Сезон дождей и розовая ванна
Шрифт:
— Нет никаких признаков, что Мияяма собирается выдвигать свою кандидатуру на пост мэра, — говорил Гэнзо, да так веско, что нельзя было усомниться в достоверности собранных им сведений. — А слухи… Слухи, значит, ходят такие: Мияяма не будет препятствовать, чтобы Хамаду избрали на третий срок, а уж потом постарается подготовить почву для собственного избрания… В городе все так думают…
И действительно, на страницах провинциальных газет не появлялось никаких статей с прогнозом относительно выдвижения кандидатуры Мияямы на пост мэра, нигде не упоминалось также, что Хамада не собирается баллотироваться
— Я, господин директор, доложил вам, какова политическая атмосфера у нас в городе, — уставившись в одну точку говорил Гэнзо. — А вы не скажете, что думают в провинциальном комитете?
— Да и говорить-то не о чем. Там всё по-старому: тишь да гладь.
Что мог сказать Гисукэ? Гэнзо думал, что шеф, отправляясь в командировки, каждый раз беседует с партийным руководством, потому и спрашивал. Гисукэ ничего не оставалось, как отвечать, что всё по-старому. Вообще-то он верил в это: раз в Мизуо всё спокойно, значит, и провинциальный комитет не готовит никаких сюрпризов. Вспоминалась встреча с Тадокоро, его лицо, такое безмятежное, когда он произнёс: "Это великолепно — на третий срок Хамаду…"
— Всё по-прежнему, значит… Это хорошо, — кивал Гэнзо своей большой головой. — Коли так, председателю нашего городского собрания господину Мияяме придётся воздержаться…

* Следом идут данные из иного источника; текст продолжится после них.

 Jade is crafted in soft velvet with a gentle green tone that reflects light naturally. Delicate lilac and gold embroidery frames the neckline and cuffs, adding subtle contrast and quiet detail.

Когда Гэнзо задавал подобные вопросы, Гисукэ даже радовался: если спрашивает, значит, никаких сомнений относительно командировок шефа у него не возникает. Если Ясуко вдруг забеспокоится, он развеет её подозрения.
Однажды, когда Гэнзо Дои не было в редакции, к Канэзаки подошёл один из молодых служащих и, понизив голос сказал:
— Господин директор, вы знаете… Дои-сан переехал в многоквартирный дом на улице Эн. — На лице Гисукэ отразилось такое удивление, что служащий даже запнулся, но потом продолжил: — С месяц уже будет. Говорят, квартиры там очень дорогие, район-то хороший… Да, квартиры высшего класса. Двадцать пять тысяч иен в месяц. И кроме того, гарантийный задаток, равный полугодовой квартплате.

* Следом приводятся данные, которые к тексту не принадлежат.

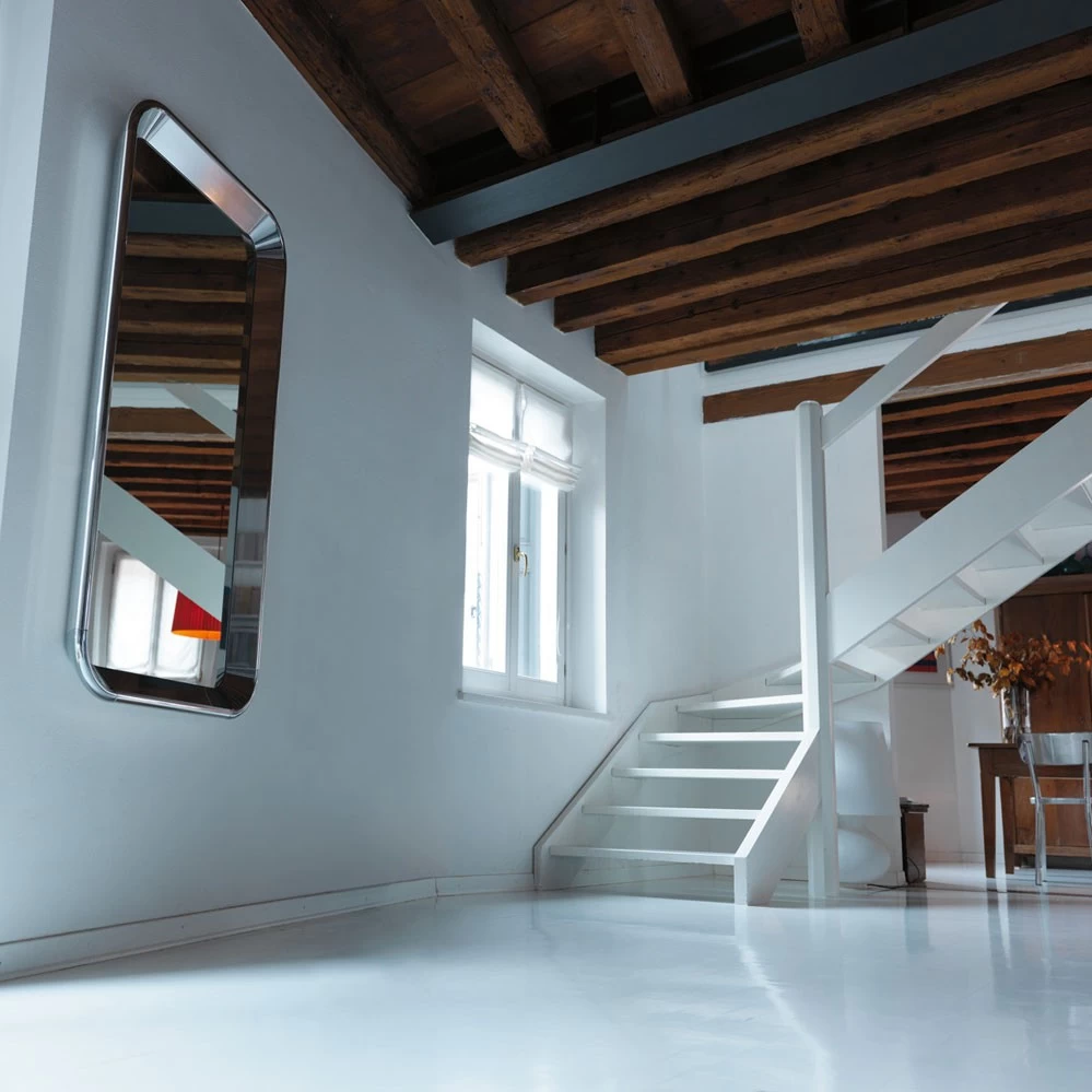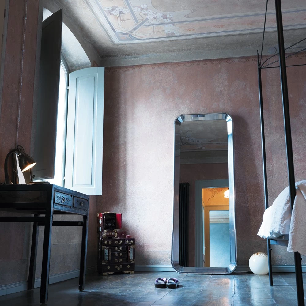 Der Aluminium-Spiegel aus der Déjà-vu Kollektion von Magis kann wahlweise direkt an der Wand montiert werden oder auf den Boden gestellt werden. Erhältlich ist der Spiegel von Naoto Fukasawa in drei Größen:
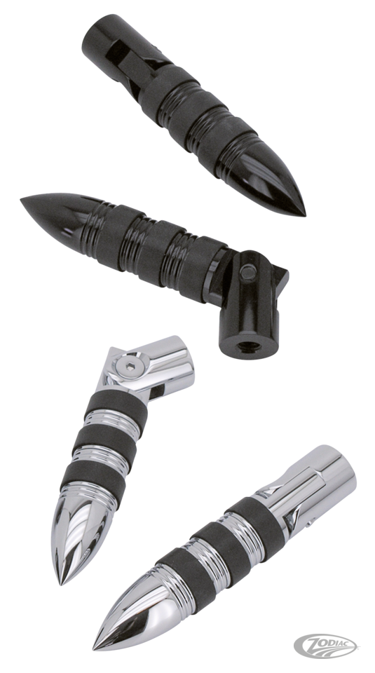 Magnum Rasten sind aus Billet Aluminium gefertigt und anschließend verchromt oder schwarz eloxiert. Sie verfügen über Gummibänder, die zusätzlichen Komfort und einen rutschfesten Halt für die Stiefel bieten. Fußrasten werden mit Halterungen geliefert und haben eine Gesamtlänge von 17,5 cm (6 7/8") und einen Durchmesser von 3 cm (1 3/16"). Die passenden Brems- und Schaltpins sind 10 cm lang und haben einen Durchmesser von 2,5 cm. Sie haben ein 5/16-18UNC-Gewinde und lassen sich leicht an die meisten Modelle und die meisten OEM- sowie Aftermarket Rastenanlagen anschrauben. Passende Magnum Lenkergriffsätze finden Sie in Kapitel 14. Alle Magnum Rasten werden in 2er-Sets angeboten.

Говоря это, молодой служащий поднимал брови, таращил глаза, всем своим видом выражая восторг перед роскошью и ужас перед тем, каких безумных денег стоит эта роскошь.

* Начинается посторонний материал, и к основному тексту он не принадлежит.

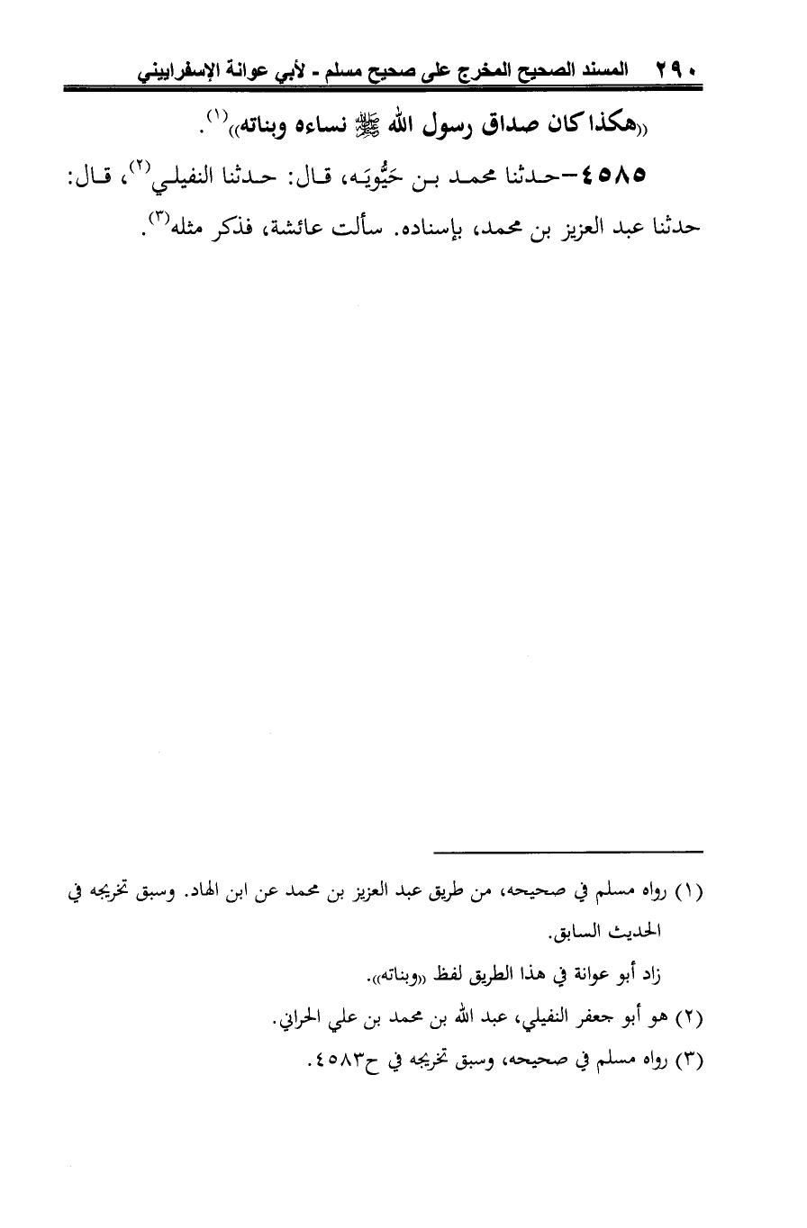 4585 - حدثنا محمد بن حَيُّويَه، قال: حدثنا النفيلي (¬1)، قال: حدثنا عبد العزيز بن محمد، بإسناده. سألت عائشة، فذكر مثله (¬2).

Гисукэ заволновался. Хорошие, комфортабельные квартиры в больших домах обходились в двенадцать тысяч иен в месяц. Двадцать пять тысяч, действительно, цена небывало высокая. Служащий рассказал, что квартира просто шикарная, как где-нибудь в Токио или Осаке, просторная, с вошедшей сейчас в моду кухней-столовой, оснащённой различными агрегатами экстракласса… Как же Дои скопил такие деньги? Ведь у него жена, двое детей, их кормить-поить надо. Половина жалованья, которое он получает в газете, теперь будет уходить на квартплату. Да ещё задаток в сто пятьдесят тысяч иен…
Так откуда же у него деньги? Сама собой напрашивалась мысль о побочных доходах, и достаточно солидных. Очень интересно, каков их источник?
Дело в том, что побочные доходы самого Гисукэ в последнее время значительно сократились. Он неоднократно делал попытки оживить их и посещал фирмы и предприятия, "сотрудничавшие" с "Минчи" по вопросам рекламы. Естественно, с его винодельческой и тем более депутатской деятельностью эти походы ничего общего не
А деньги Гисукэ были очень нужны. Кацуко стоила дорого. За это время в её прелестные ручки перешло восемь миллионов иен. Некоторую часть она тратила на жизнь, а большую — откладывала, хотела завести своё дело, приличное, солидное. Гисукэ всей душой поддерживал эти планы. Ему страстно хотелось, чтобы Кацуко хоть днём раньше покинула дом разврата и вступила в новую самостоятельную жизнь. Половину денег он брал из оборотных средств винодельческой фирмы, а половину собирался восполнить за счёт "пенкоснимательства". Но клиенты, прежде безоговорочно откупавшиеся от злого языка "Минчи", теперь всё чаще увиливали. Получалось, что он должен содержать Кацуко целиком и полностью на собственные деньги. Как ни любил он эту женщину, такое положение его не очень-то устраивало. Гисукэ занервничал.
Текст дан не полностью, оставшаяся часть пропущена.